An acquisition could also signal a stronger wave of mergers and acquisitions in the second half of the year, as the range of acquisitions has been rather limited in recent months. According to Bloomberg, trading volume in the pharmaceutical biotechnology industry fell to about $ 71 billion in the first half of the year, up from $ 82 billion a year earlier. Excluding supply and diagnostics transactions that are also recorded, the scope of transactions in the real pharmaceutical sector is likely to have been halved.
Overall, the industry is still considered an attractive and promising area for acquisitions. While many mergers and acquisitions are currently pending due to global uncertainty, such as the war in Ukraine and difficult financing markets, deals in areas such as healthcare, infrastructure and software are still ongoing. Companies with strong cash flows and stable long-term prospects that benefit from major trends, such as aging society, continue to be in high demand, investment bankers say.
High financial reserves in Big Pharma
Last but not least, the financial constellation in the pharmaceutical industry speaks of stronger mergers and acquisitions. Because both large companies and individual biotechnology companies are currently in an unusually strong financial position with high cash flow. Companies like Pfizer, Novartis and Johnson & Johnson have recently had liquid assets of about $ 30 billion each and are likely to generate high free cash flows this year. The basis for this was laid by the extensive sales of non-core business and, in some cases, the high revenue from the vaccine and drug business for Covid.
Pfizer has already agreed to buy biotech company Biohaven for $ 10 billion in May, but could easily face a number of other such deals. Analysts forecast more than $ 30 billion in free cash flows for the group in 2022. Exit from consumer healthcare company Haleon, which is part of the UK-based GSK and in which Pfizer still holds about a third, could generate additional revenue of tens of billions.

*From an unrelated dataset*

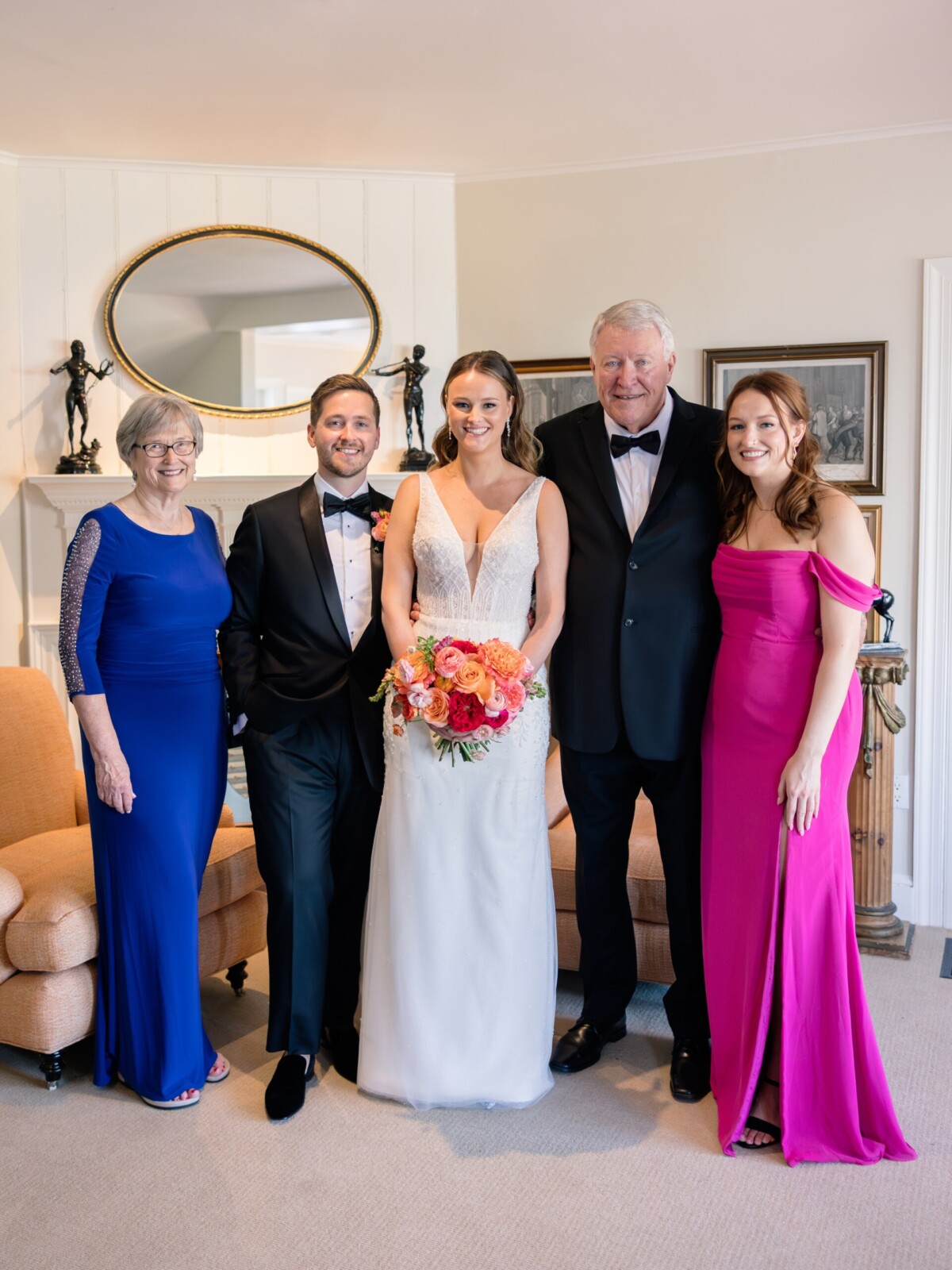 On the morning of the wedding, Alexis and Thad were surrounded by sixty of their closest family members and friends. The scale was intentionally intimate, creating space for laughter, connection, and the kind of quiet moments couples can often miss in the whirlwind of a larger event. Alexis carried a bouquet wrapped with her parents’ class rings — a subtle but powerful reminder of the legacy that had shaped her own.

Biotechnology companies Moderna and Biontech also have significant leeway due to their high sales of vaccines. Both companies reported financial reserves (including trade receivables) of about $ 20 billion at the end of March.

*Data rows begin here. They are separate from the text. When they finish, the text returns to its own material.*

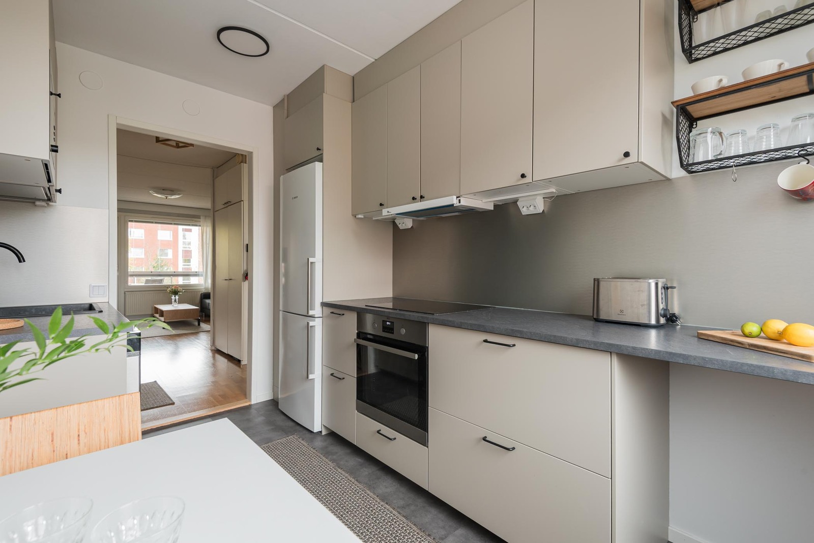 Asunnon keittiö on hiljattain remontoitu ja se tarjoaa modernit puitteet ruoanlaittoon: keraaminen liesi ja integroitu mikroaaltouuni tekevät keittiöstä toimivan ja tyylikkään. Iso lasitettu parveke saa erityismaininnan, sieltä kelpaa katsella vehreitä maisemia. Myös huoneiston seinäpintoja maalattu 2023 ja makuuhuoneeseen asennettu jalan alla mukava vinyyli. Kylpyhuoneessa on suihku ja pesukoneliitäntä, ja erillinen wc on saanut pientä päivitystä kun osa kalusteista on uusittu 2023. Asunnossa on myös oma sauna, jossa voi rentoutua pitkän päivän päätteeksi. Huoneistolle kuuluu autopaikka.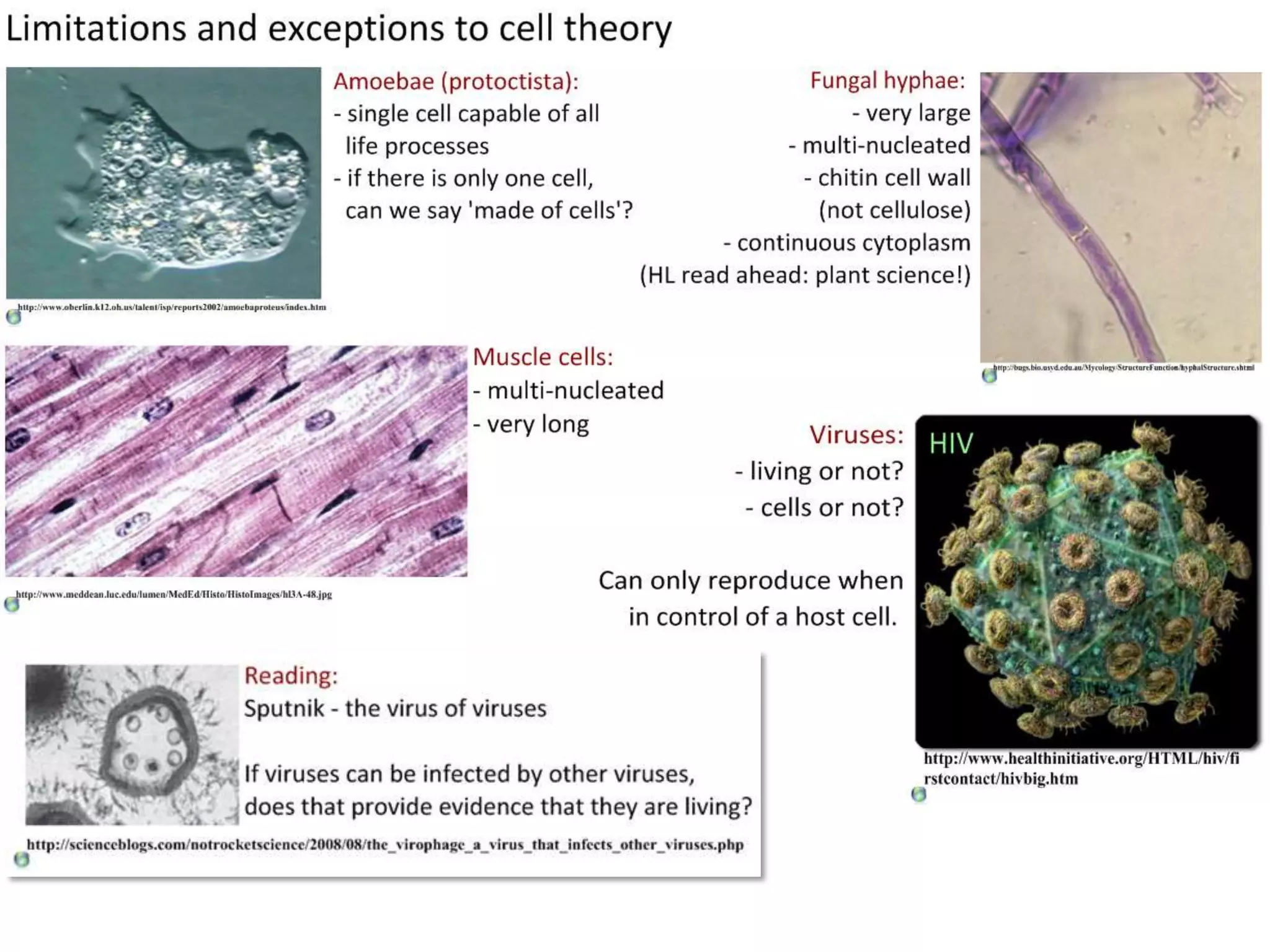 Cells come in different shapes, sizes, and specialized structures depending on their function. There are two main types of cells - prokaryotic cells which lack nuclei and organelles, like bacteria, and eukaryotic cells which contain nuclei and membrane-bound organelles, like plant, animal, fungi and algae cells. While most cells contain hereditary information that is passed from parent to daughter cells, viruses lack cellular structures and can only reproduce using a host cell.
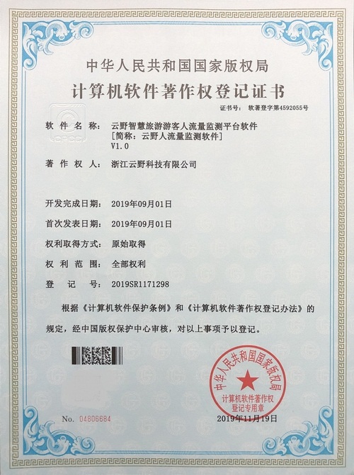 《云野智慧旅游游客人流量監(jiān)測平臺(tái)軟件V1.0》于2019年11月19日被正式授予《中華人民共和國國家版權(quán)局計(jì)算機(jī)軟件著作權(quán)登記證書》,登記號(hào)為2019SR1171298。

At the same time, the valuations of many biotechnology companies fell sharply in the first half of the year. For example, many newcomers to the stock market over the last three years are now trading well below their IPO prices. First of all, biotechnology acquisitions therefore seem even more attractive.
However, the willingness to sell usually falls with the valuations. Therefore, there is no guarantee that there will be acquisitions in all areas of biotechnology. Many biotechnology companies may try to wait for a better stock market climate before trading large pharmaceuticals.